• Task statement
The copy should begin at the line containing "Step 10. 미결재내역 건을 클릭하여 결재 또는 반려처리가 가능합니다." and end with the last line below, every line exact and no picture included.

• Data segment
——————————

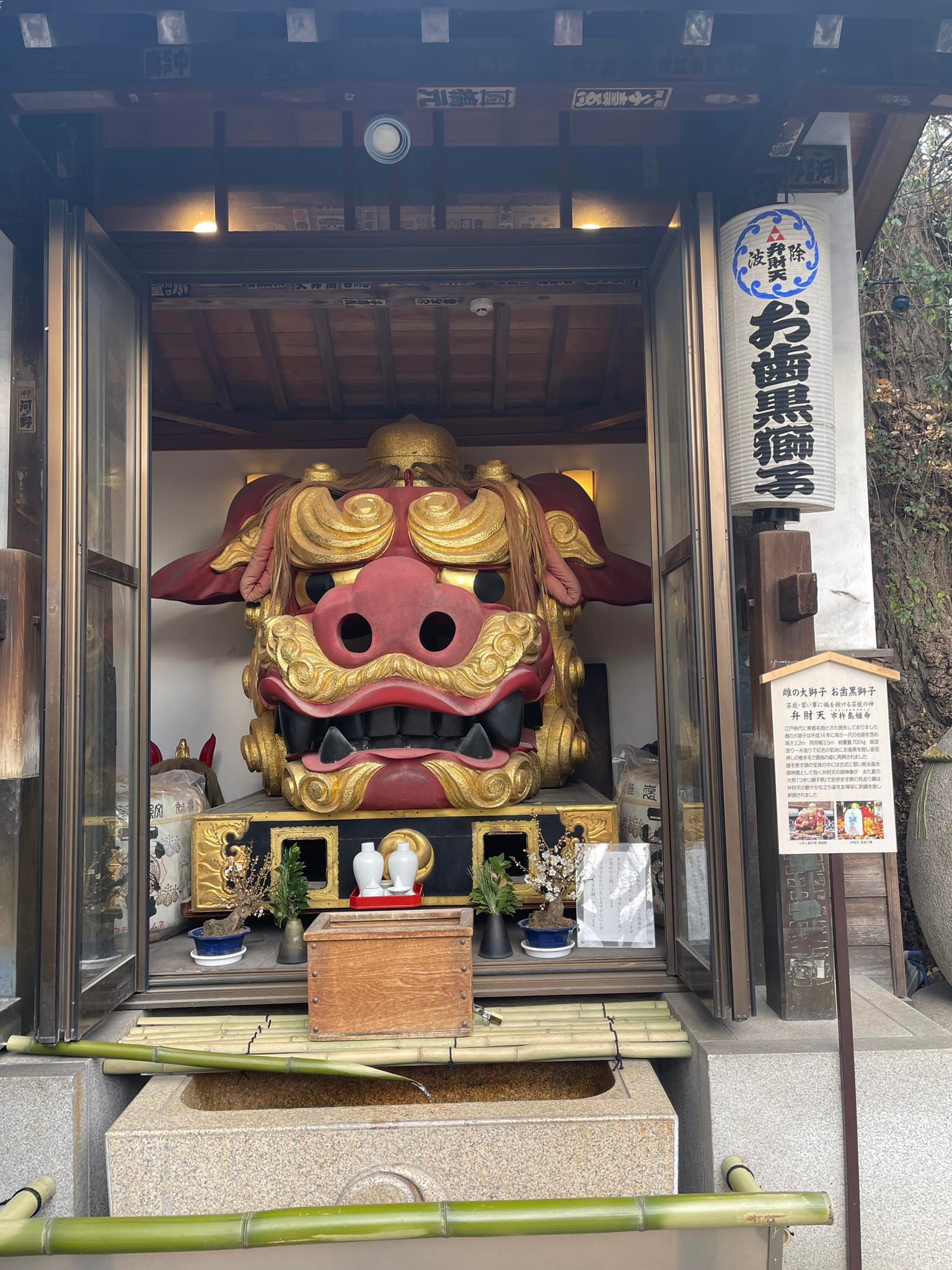 境内には日本最大の獅子頭(雄)と雌の獅子頭が奉安されており威容を放つ。雌の獅子頭は「お歯黒」のように歯が黒い。
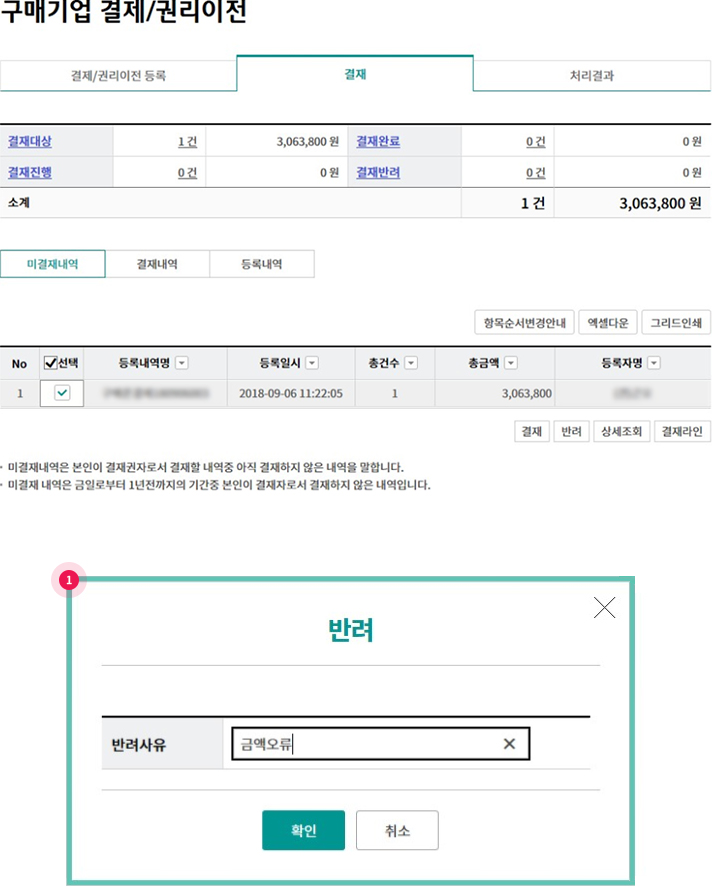 Step 10. 미결재내역 건을 클릭하여 결재 또는 반려처리가 가능합니다.
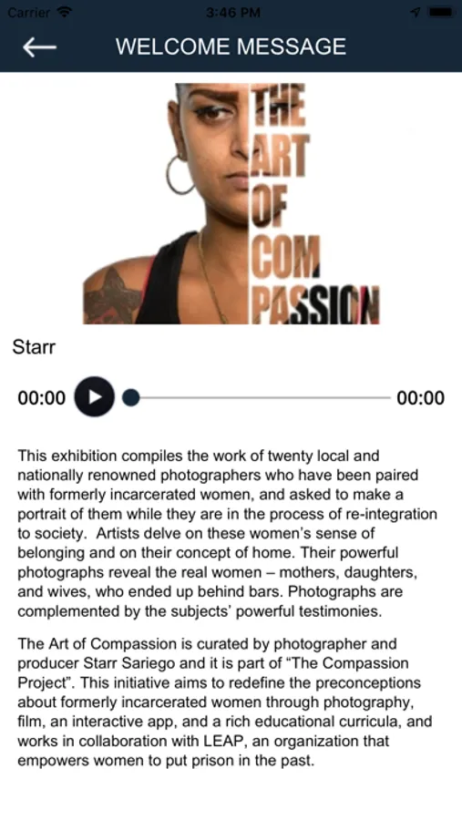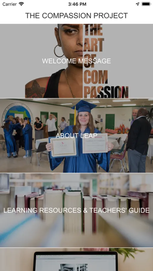 The Compassion Project, a multimedia exhibit, features formerly incarcerated women. The exhibit engages the senses through listening, seeing and experiencing with photo portraits, stories, and film. This APP features a curriculum guide for high school and college students, robust learning resources, a writing contest and actions to take for making a difference.
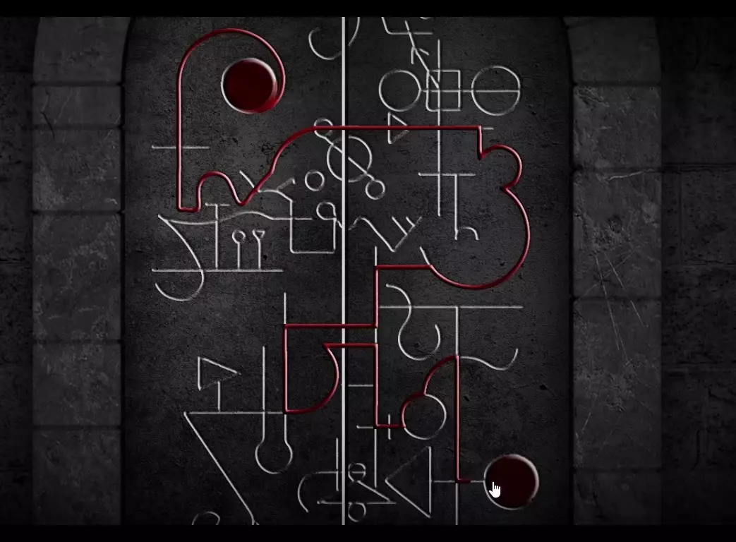 第十三关 点击门,注意灯光 重复步骤 如果我们将其记为 12 34 56 那么你需要点击: - 1 2 5 3 - 3 2 5 6 1 4 2 5 第十四关 按照这个路线,点击并滑动:

——————————

• Result below
 Step 10. 미결재내역 건을 클릭하여 결재 또는 반려처리가 가능합니다.
 The Compassion Project, a multimedia exhibit, features formerly incarcerated women. The exhibit engages the senses through listening, seeing and experiencing with photo portraits, stories, and film. This APP features a curriculum guide for high school and college students, robust learning resources, a writing contest and actions to take for making a difference.
 第十三关 点击门,注意灯光 重复步骤 如果我们将其记为 12 34 56 那么你需要点击: - 1 2 5 3 - 3 2 5 6 1 4 2 5 第十四关 按照这个路线,点击并滑动:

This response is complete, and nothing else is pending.